1. Climate change: the impacts on crops are worse than we thought.

Climate change has already meant declines in global yields of staple crops, and it is set to get worse.

Not so long ago, some people suggested crops could actually grow better because of climate change. Not any more. The IPCC is clear that we are already seeing the effect of climate change on food production. That will come as no surprise to farmers like Vladimir or Auntie Jacoba. But what is more striking is that the IPCC finds that climate change has meant significant declines not just in some areas in developing countries, but in aggregate global yields for staple crops like wheat and maize. Harvests will continue to be hit hard in the future, both in developing countries and in major crop exporters, at the same time as demand for crops is expected to rise rapidly. That doesn't add up to a more food secure future for our planet.

2. Climate change also means higher food prices for most people.

Most people will feel the impact of climate change on food through the price they pay at their local market or supermarket.

In the years since the last IPCC report, there have been 3 global food price spikes, each linked in part to extreme weather that hit harvests hard. The IPCC gives a cautious estimate that food prices may rise due to climate change by 3-84% by 2050. Oxfam expects food prices to approximately double by 2030, with around half due to climate change, with further spikes linked to extreme weather to come on top of that. That's a massive problem for anyone spending upwards of 50% of their income on food, but increasingly we'll all feel the pinch of higher prices for things like premium coffee or chocolate.

3. Without action, climate change will reverse the fight against hunger – perhaps by several decades.

Right now hunger levels worldwide are going down, though not nearly fast enough. But the IPCC cites studies which project a reversal of this progress. 

By 2050 an extra 50 million people – that's the population of Spain – could be at risk of hunger because of climate change, and an extra 25 million under-fives malnourished – that's the same as all the under-fives in the US and Canada combined. Availability of calories per person is set to fall lower than the levels in 2000. If we are serious about getting to zero hunger by 2025 and staying there, we need a huge increase in climate action – both in adaptation and cutting emissions.

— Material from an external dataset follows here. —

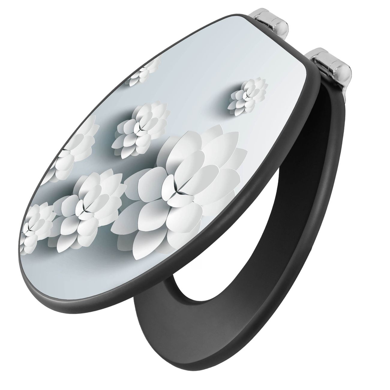 WC Sitz Anthrazit mit Absenkautomatik Motiv Papier Lotus

4. It is not too late to act, but we need to get serious about adaptation.

We must over-come major adaptation deficits to cope with climate impacts on food in the near-term. 

Eradicating hunger by 2025 will take a massive increase in efforts to adapt our food systems to climate change. But as we outlined in a briefing last week, the world is currently woefully unprepared. The IPCC for the first time recognises a funding gap between the finance needed for adaptation – in the order of $100bn per year – and the amounts that are actually flowing (something Oxfam has long shouted about). The countries that have done most to cause climate change should help to pay this bill in poorer countries. But Oxfam estimates countries have received only around 2% of the money they need from the adaptation funds provided to them in the three years since the Copenhagen climate summit.

5. We must cut greenhouse gas emissions now.

Unless we cut greenhouse gas emissions now too, we will surpass our capacity to adapt in the second half of this century. The IPCC is clear that adaptation alone will not be enough. 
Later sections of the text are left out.